**MATERIAL SUPPLIED**
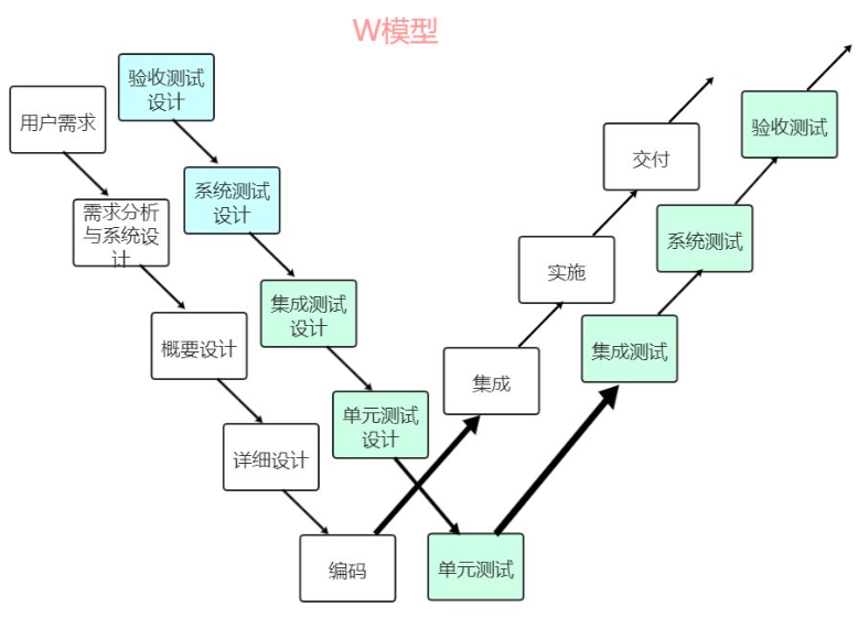 W模型是对V模型的扩展,强调开发与测试的并行性 :不仅每个开发阶段对应测试,且测试活动在开发早期即启动
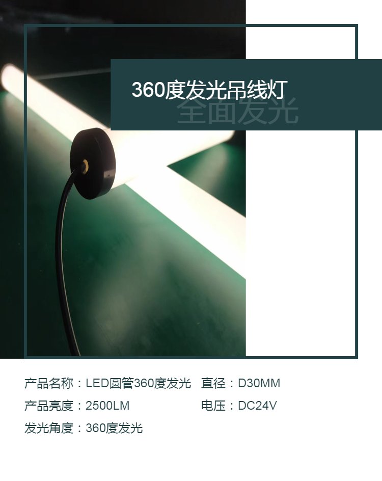 D30灯管360度全发光圆管DC24V低压灯管可吊装/竖装 品牌 | 宇创光 | ||
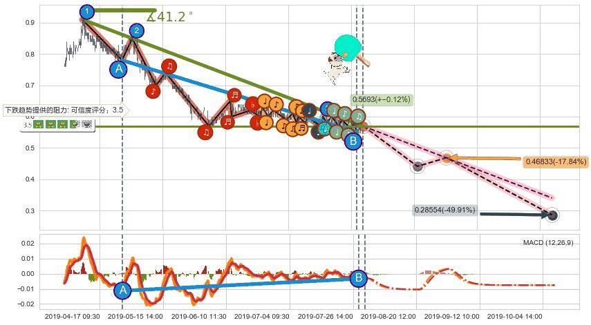 ➣ 预测:2019-08-30 15:00,【试探阻力】稳定目前下跌趋势的前提下,预测价格:0.46833
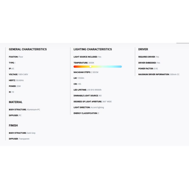 Materiale | aluminiu gri inchis, difuzor Policarbonat transparent |
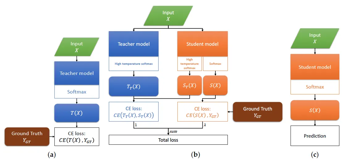 Figure 2. (a) Train the teacher model directly on dataset; (b) The process of KD training. The student
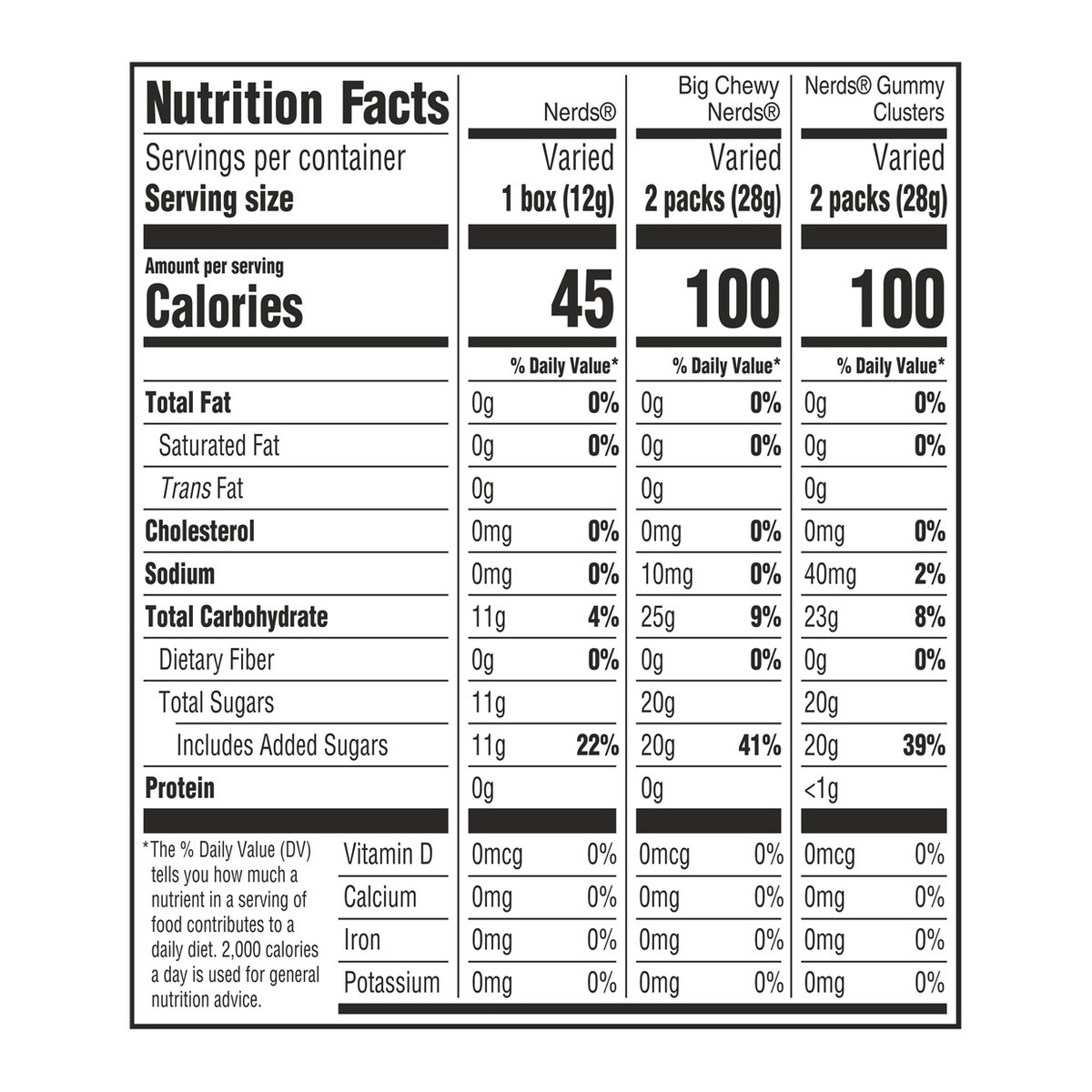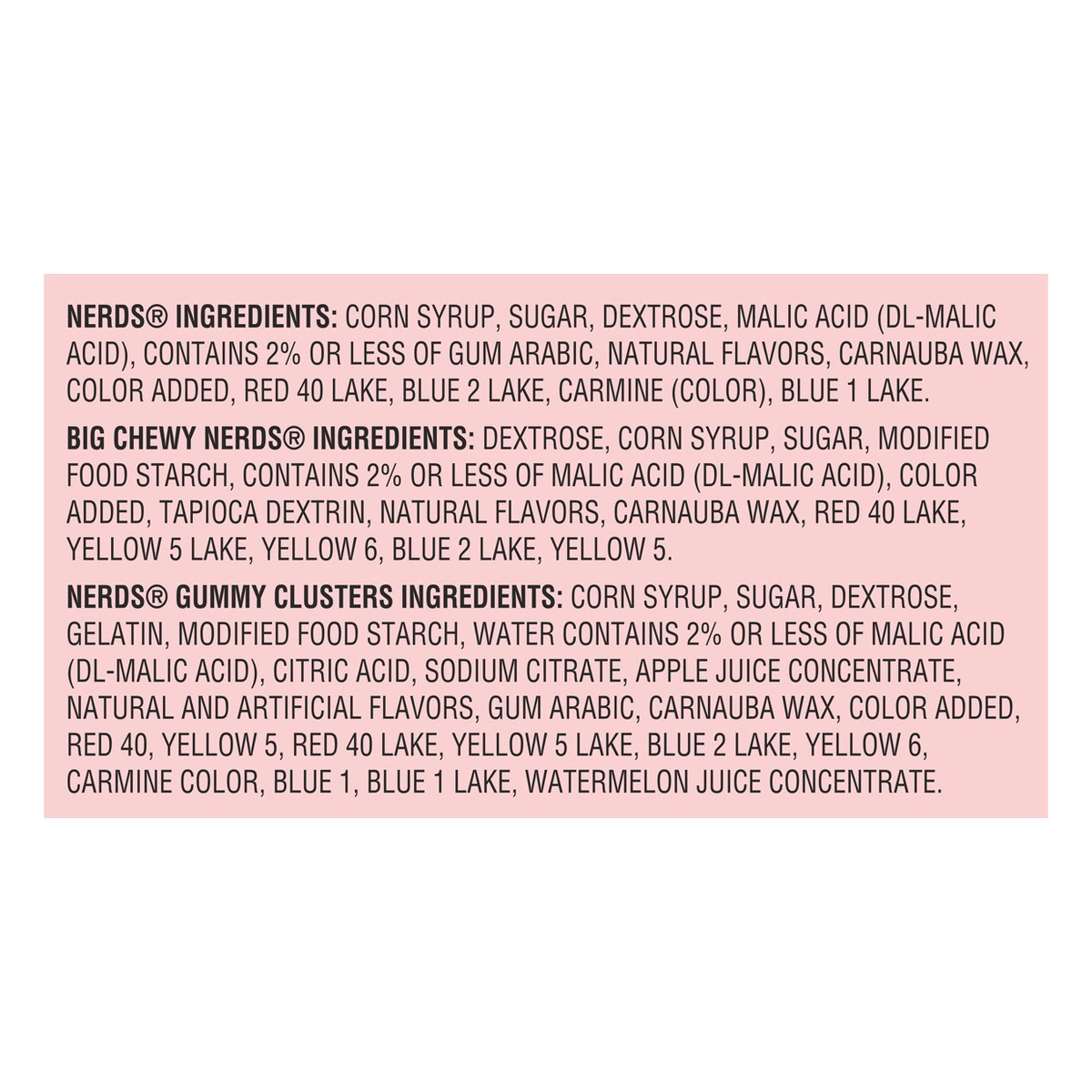 Nerds: Corn Syrup, Sugar, Dextrose, Malic Acid (DL-Malic Acid), Contains 2% or Less of Gum Arabic, Natural Flavors, Carnauba Wax, Color Added, Red 40 Lake, Blue 2 Lake, Carmine (Color), Blue 1 Lake. B…
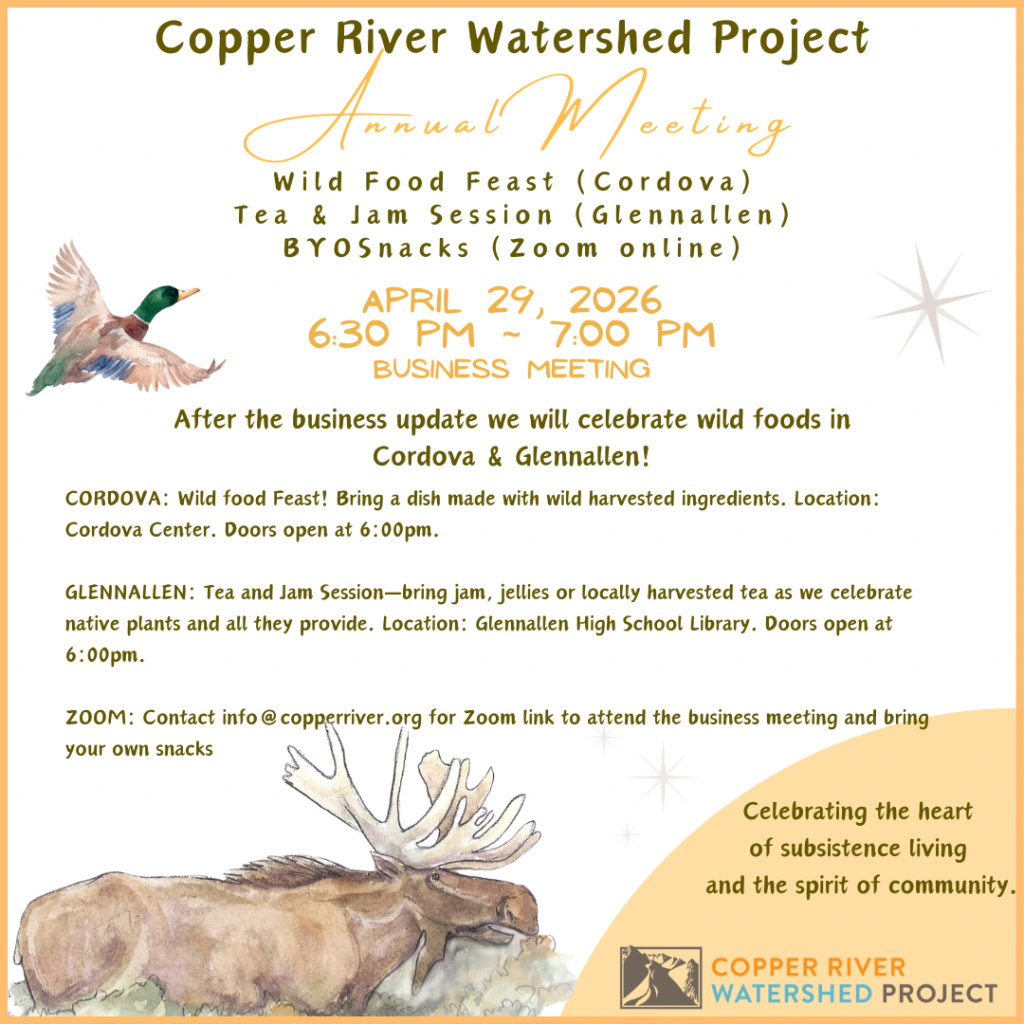 🎉You`re Invited to join us for the Copper River Watershed Project Annual Meeting on Wednesday, April 29, 2026 6:30pm-7:00pm AKT! You can attend in-person in Cordova or Glennallen, or on Zoom.
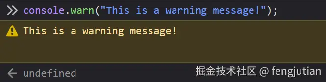 使用黄色显示警告消息(在大多数浏览器中),使其易于与常规日志区分开来。
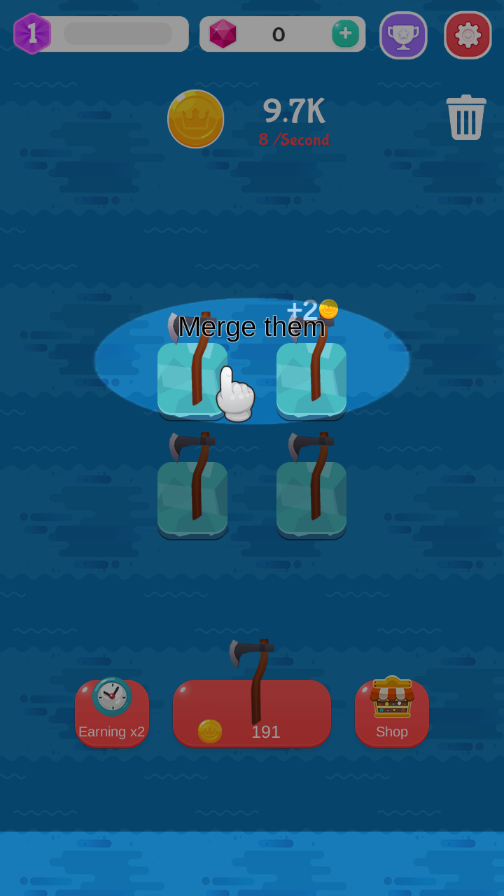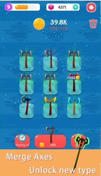2、当出现【Merge them】提示时,将相同的斧头进行合并操作,提升金币收益,留意屏幕上方的金币数量。
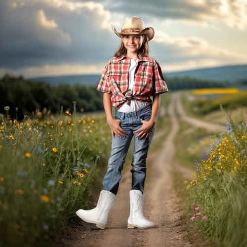 IUV Cowgirl Boots Cowboy Boots For Girls Boys Kids Toddler Fashion Western Boots Mid Calf Riding Shoes
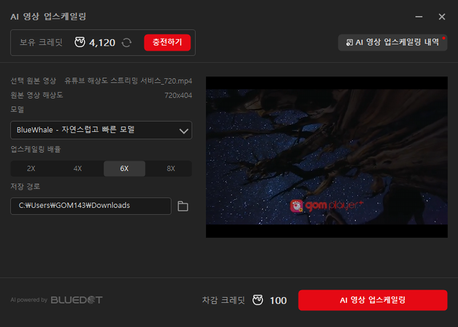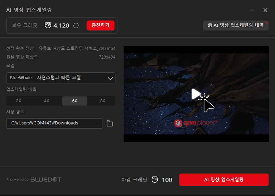 - 4) 2배, 4배, 6배, 8배 중 하나를 선택하여 적용할 수 있으며, 최대 4K(3840x2160) 목표 배율까지 선택 가능합니다.

**WORK ITEM**
Wherever a picture appears in the records above, leave it out and transcribe everything else exactly.

**YOUR SOLUTION**
 W模型是对V模型的扩展,强调开发与测试的并行性 :不仅每个开发阶段对应测试,且测试活动在开发早期即启动
 D30灯管360度全发光圆管DC24V低压灯管可吊装/竖装 品牌 | 宇创光 | ||
 ➣ 预测:2019-08-30 15:00,【试探阻力】稳定目前下跌趋势的前提下,预测价格:0.46833
 Materiale | aluminiu gri inchis, difuzor Policarbonat transparent |
 Figure 2. (a) Train the teacher model directly on dataset; (b) The process of KD training. The student
 Nerds: Corn Syrup, Sugar, Dextrose, Malic Acid (DL-Malic Acid), Contains 2% or Less of Gum Arabic, Natural Flavors, Carnauba Wax, Color Added, Red 40 Lake, Blue 2 Lake, Carmine (Color), Blue 1 Lake. B…
 🎉You`re Invited to join us for the Copper River Watershed Project Annual Meeting on Wednesday, April 29, 2026 6:30pm-7:00pm AKT! You can attend in-person in Cordova or Glennallen, or on Zoom.
 使用黄色显示警告消息(在大多数浏览器中),使其易于与常规日志区分开来。
2、当出现【Merge them】提示时,将相同的斧头进行合并操作,提升金币收益,留意屏幕上方的金币数量。
 IUV Cowgirl Boots Cowboy Boots For Girls Boys Kids Toddler Fashion Western Boots Mid Calf Riding Shoes
 - 4) 2배, 4배, 6배, 8배 중 하나를 선택하여 적용할 수 있으며, 최대 4K(3840x2160) 목표 배율까지 선택 가능합니다.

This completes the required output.